----- Listed entries -----

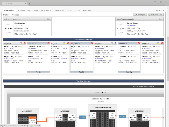 Predefine existing infrastructure connections (like room-to-room) and use those connections, and new ones, to build the path of a cross connect.
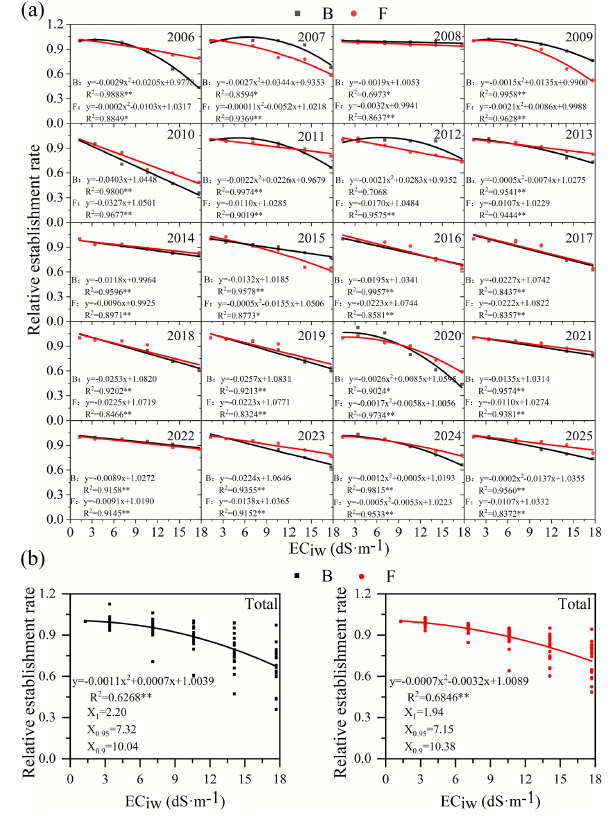 在棉花咸水适宜灌溉方式与盐分阈值研究方面,针对咸水灌溉对土壤盐分的影响具有持续性以及棉花萌发出苗和幼苗生长阶段耐盐性较弱的问题,论文“Effects of Long-Term Saline Water Irrigation on Cotton Emergence and Seedling Growth”基于长达20年(2006-2025)的定位试验,系统探究了不同矿化度咸水畦灌和沟灌对棉花成苗与幼苗生长及土壤水盐动态的影响。研究发现,适量浓度的咸水灌溉对土壤水盐和棉花出苗无明显影响,但连续多年采用≥10.6 dS·m⁻1咸水灌溉,棉花成苗率的稳定性与可持续性下降;能够保障根区土壤盐分周年动态平衡、棉花成苗率不受显著抑制的灌溉水矿化度阈值为10.0 dS·m⁻1(畦灌)和10.4 dS·m⁻1(沟灌);当灌溉水盐度≤8.3 dS·m⁻1时,畦灌更利于棉花成苗和幼苗生长,反之,沟灌更为有利。该论文第一单位为山东农业大学水利土木工程学院/山东省农业节水技术与装备重点实验室,第一作者为2023级硕士研究生谢运超,通讯作者为张俊鹏教授和张安琪博士,河北省农林科学院旱作农业研究所党红凯研究员等参与核心研究。
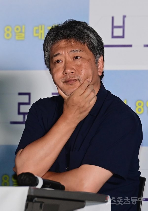 고레에다 히로카즈 감독이 31일 서울 용산구 CGV용산아이파크몰점에서 열린 영화 ‘브로커’ 언론시사회에서 취재진의 질문을 듣고 있다.
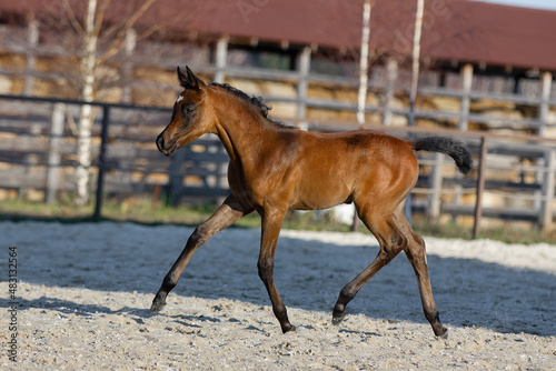 Young pretty arabian horse foal runs and frolics summer background
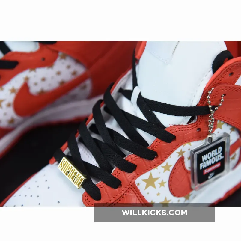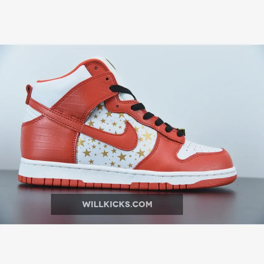red supreme dunks #supreme star dunk #red and white supreme #supreme high tops #nike sb dunk high pro qs #red supreme
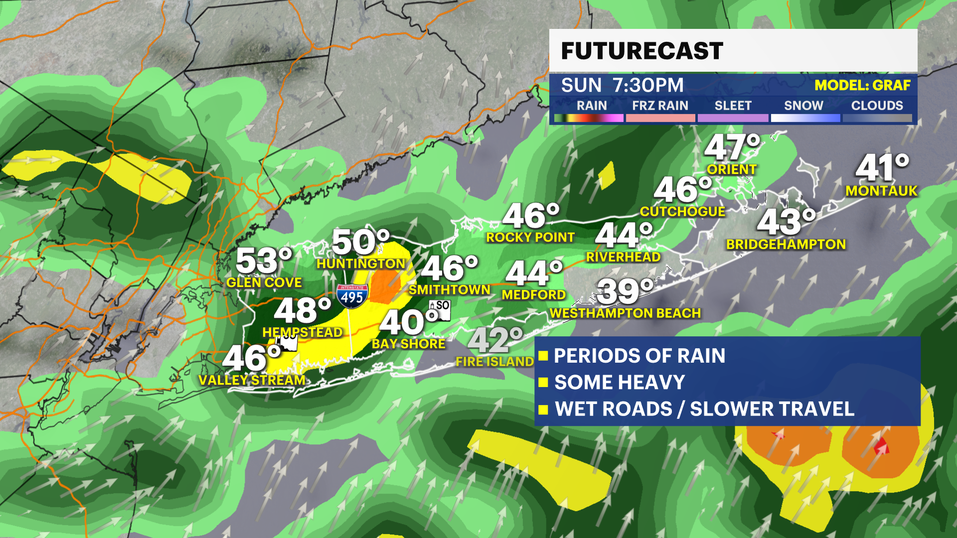 By Thursday, it warms up with highs in the mid-50s with parts of Nassau county reaching the 60s, but clouds will be more stubborn throughout the day. That sets the stage for our next system, bringing rain in by Thursday night and continuing into Friday morning. After that clears out, the weekend is shaping up nicely — plenty of sunshine, though it will be a bit on the chilly side with highs staying in the 40s.
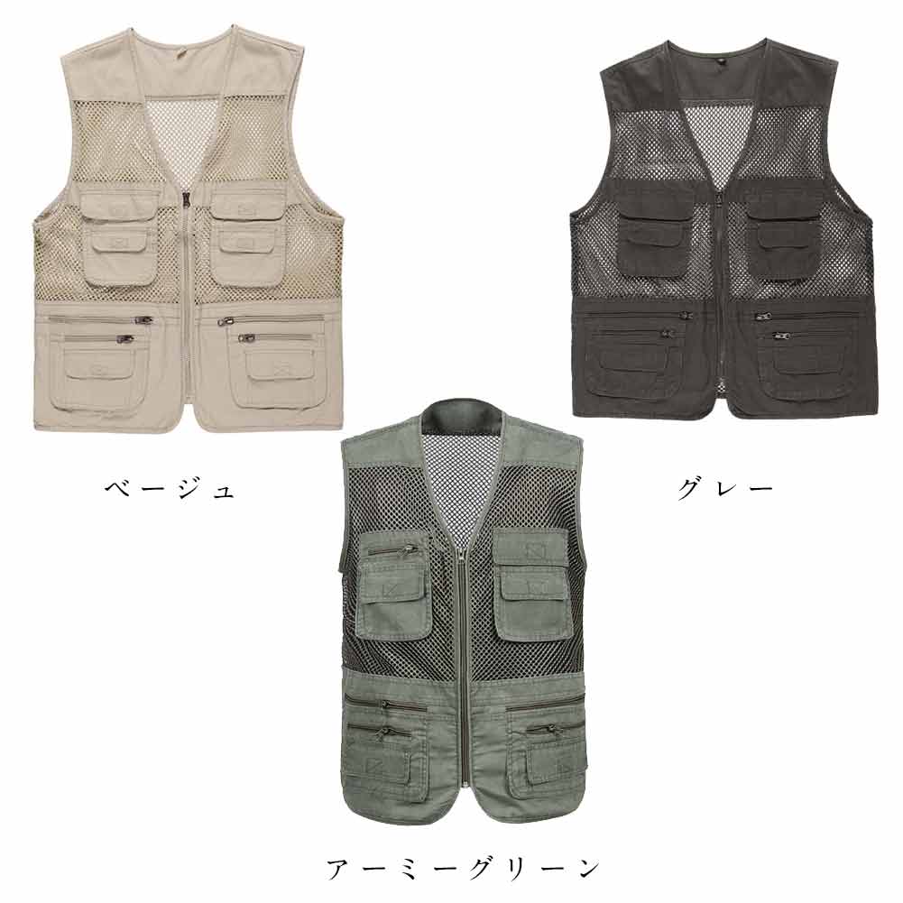 カメラマンベスト フィッシングベスト アウトドア メッシュ 多機能 お釣り 登山服 大きいサイズ ミリタリー 撮影用

-----

Aim of the exercise – Among the entries above, copy exactly the stretch from the line holding "고레에다 히로카즈 감독이" through the line holding "red supreme dunks", leaving out any pictures.

Result –
 고레에다 히로카즈 감독이 31일 서울 용산구 CGV용산아이파크몰점에서 열린 영화 ‘브로커’ 언론시사회에서 취재진의 질문을 듣고 있다.
 Young pretty arabian horse foal runs and frolics summer background
red supreme dunks #supreme star dunk #red and white supreme #supreme high tops #nike sb dunk high pro qs #red supreme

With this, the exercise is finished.